The suit was heard by Beaudreau, J.
After review was sought in the Appeals Court, the Supreme Judicial Court, on its own initiative, ordered direct appellate review.
Joseph F. Sawyer, Jr., for the defendant.
Edward F. O'Brien, Jr., for the plaintiff.
HENNESSEY, C.J. This is a bill for declaratory relief to determine coverage under the provisions of a manufacturers' and contractors' schedule liability insurance policy issued by the defendant, Hartford Accident and Indemnity Company (Hartford), to the plaintiff, Ronald Bouchard, Inc. (Bouchard). The issue is whether a loss due to an explosion, allegedly caused by the negligence of Bouchard, was excluded from coverage by reason of a
"completed operations hazard" clause in the insurance policy.
Based on a statement of agreed facts, a judge of the Superior Court determined that there was coverage under the terms of the policy and entered a decree that Hartford was liable thereunder to defend Bouchard up to the policy limit, and to pay any judgment resulting from an action brought against Bouchard by one Charles E. Keene.

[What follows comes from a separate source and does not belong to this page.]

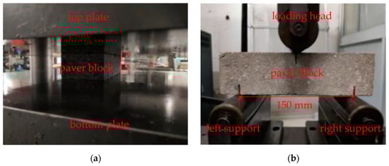 Testing of the paver blocks: (a) compression test; (b) flexural tensile test.

The case comes here on Hartford's appeal from the Superior Court decree.
We conclude that the decree was in error, in contravention of the plain language of the policy, and that a new judgment must be entered declaring that the claim in question was excluded from coverage under the policy.
Bouchard, engaged in the business of installing floor carpeting and tiling, purchased the policy in question from Hartford insuring itself against liability for bodily injury and property damage. The policy was subject to certain exclusions, including a "completed operations hazard" clause which provided as follows: "This insurance does not apply . . . (m) to bodily injury or property damage included within the completed operations hazards . . . ."

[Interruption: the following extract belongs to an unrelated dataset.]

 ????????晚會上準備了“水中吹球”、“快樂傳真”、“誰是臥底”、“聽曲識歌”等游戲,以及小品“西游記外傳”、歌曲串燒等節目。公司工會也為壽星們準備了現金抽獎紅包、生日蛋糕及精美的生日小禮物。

"`Completed operations hazard' is defined in the policy as including bodily injury and property damage arising out of operations or reliance upon a representation or warranty made at any time with respect thereto, but only if the bodily injury or property damage occurs after such operations have been completed or abandoned and occurs away from premises owned by or rented to the named insured. `Operations' include materials, parts or equipment furnished in connection therewith. Operations shall be deemed completed at the earliest of the following times:
"(1) when all operations to be performed by or on behalf of the named insured under the contract have been completed,
"(2) when all operations to be performed by or on behalf of the named insured at the site of the operations have been completed, or
"(3) when the portion of the work out of which the injury or damage arises has been put to its intended use by any person or organization other than another contractor or subcontractor engaged in performing operations for a principal as a part of the same project.

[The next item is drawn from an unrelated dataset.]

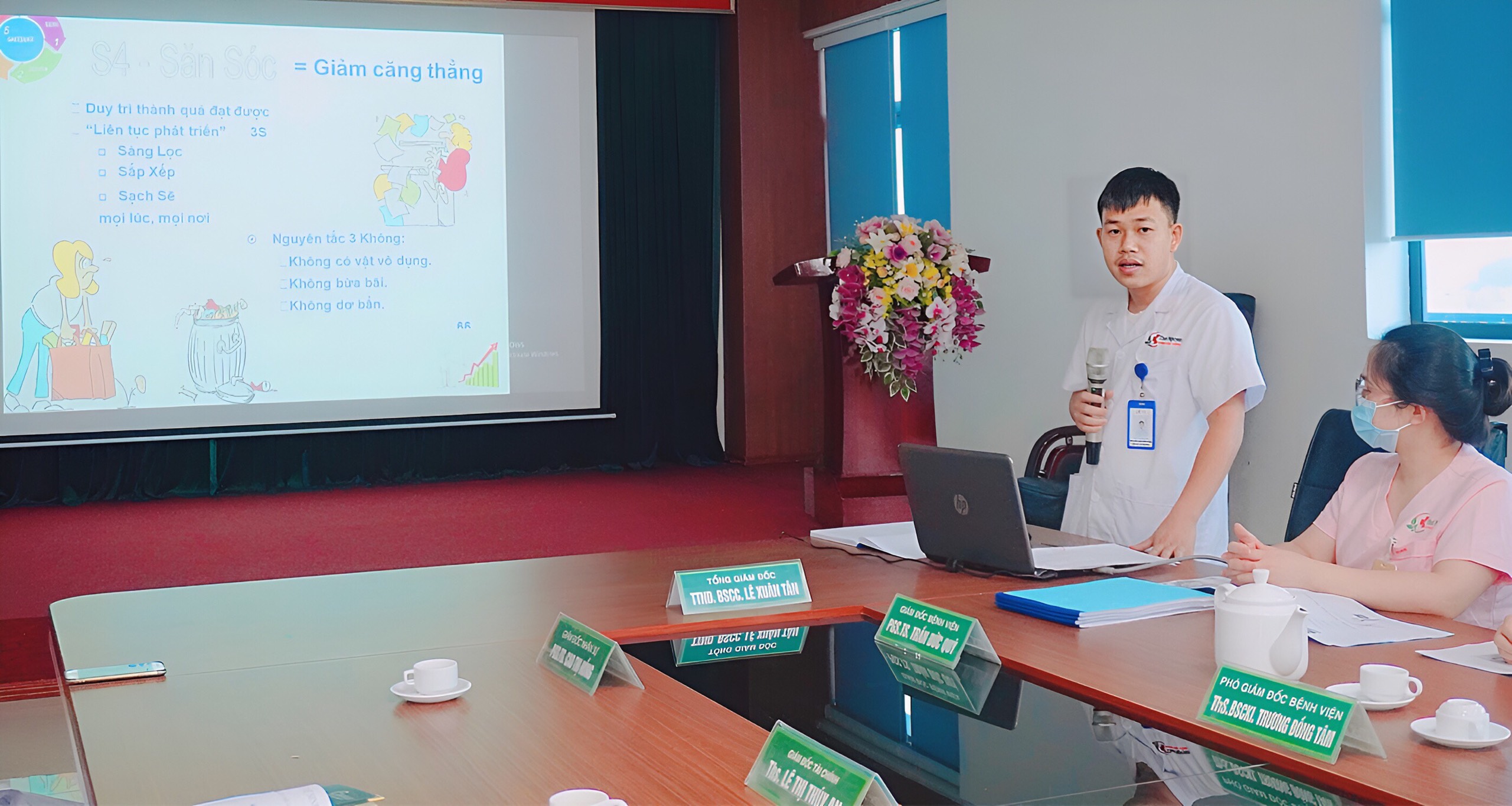 Tại chương trình, BS. Đinh Thanh Tâm, Trưởng khoa Kiểm soát nhiễm khuẩn, Bệnh viện Quốc tế Thái Nguyên đã giới thiệu chung về 5S; Hướng dẫn các bước áp dụng 5S và Tiêu chí đánh giá thực hiện tốt 5S trong bệnh viện. Việc xây dựng và triển khai thực hiện chương trình “5S – SÀNG LỌC, SẮP XẾP, SẠCH SẼ, SĂN SÓC, SẴN SÀNG” giúp nâng cao chất lượng chuyên môn, hạn chế, ngăn chặn những sai sót, sự cố trong quá trình chăm sóc điều trị, đảm bảo hiệu quả cho dịch vụ chăm sóc y tế tại bệnh viện.

"Operations which may require further service or maintenance work, or correction, repair or replacement because of any defect or deficiency, but which are otherwise complete shall be deemed completed.
"The completed operations hazard does not include bodily injury or property damage arising out of
"(a) operations in connection with the transportation of property, unless the bodily injury or property damage arises out of a condition in or on a vehicle created by the loading or unloading thereof,
"(b) the existence of tools, uninstalled equipment or abandoned or unused materials, or
"(c) operations for which the classification stated in the policy or in the company's manual specifies `including completed operations.'"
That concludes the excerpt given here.